Dataset content:
BEGIN

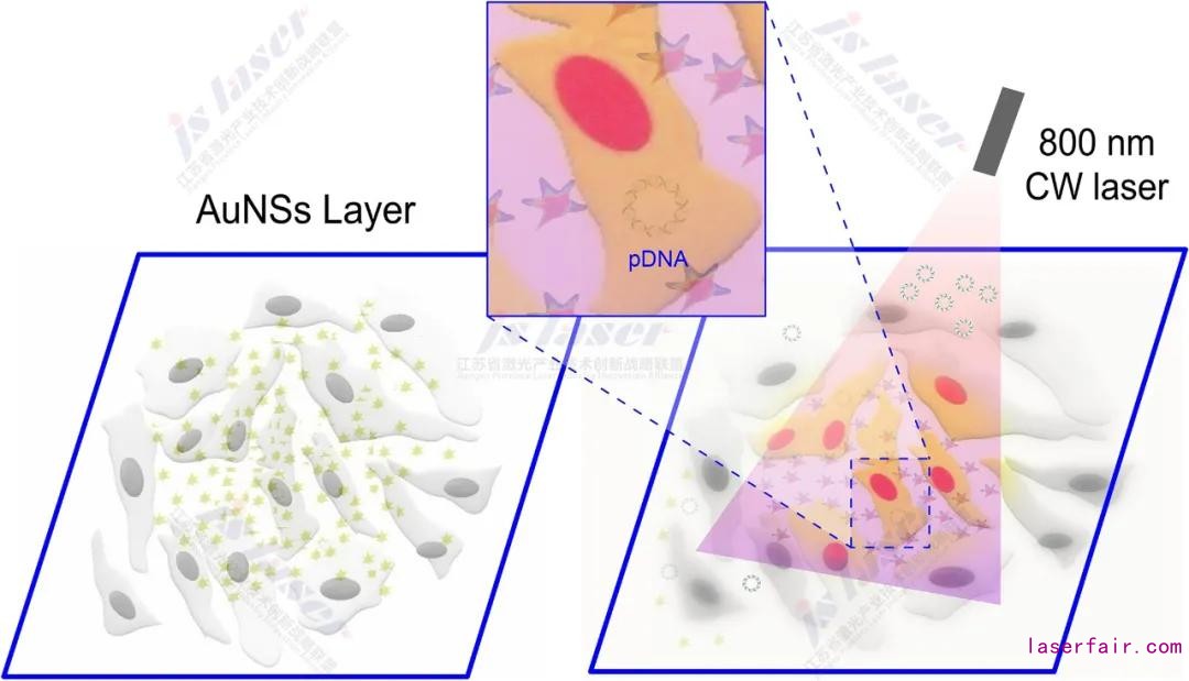 圖4 一個(gè)以AuNS層為介導(dǎo)的等離子體光穿孔平臺(tái)在激光輻照的前提下用于生物分子的輸送輸送至粘附細(xì)胞
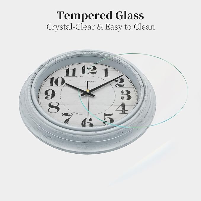 - [ Retro Blue Frame ]: This wall clock is framed with a thickness of 1.57 inch/ 4.5cm, durable and steady. Rustic blue classic frame with beautiful rubbed texture.
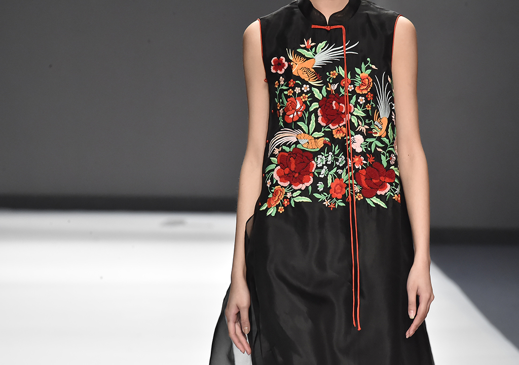 模特正在展示品牌Sunshine見(jiàn)花開(kāi)的服裝花朵的設(shè)計(jì)盡顯東方特色

END

About this exercise: Leave out the pictures, and write out exactly the lines from the one containing "- [ Retro Blue" through the last line of the listing, both included.

Reply:
 - [ Retro Blue Frame ]: This wall clock is framed with a thickness of 1.57 inch/ 4.5cm, durable and steady. Rustic blue classic frame with beautiful rubbed texture.
 模特正在展示品牌Sunshine見(jiàn)花開(kāi)的服裝花朵的設(shè)計(jì)盡顯東方特色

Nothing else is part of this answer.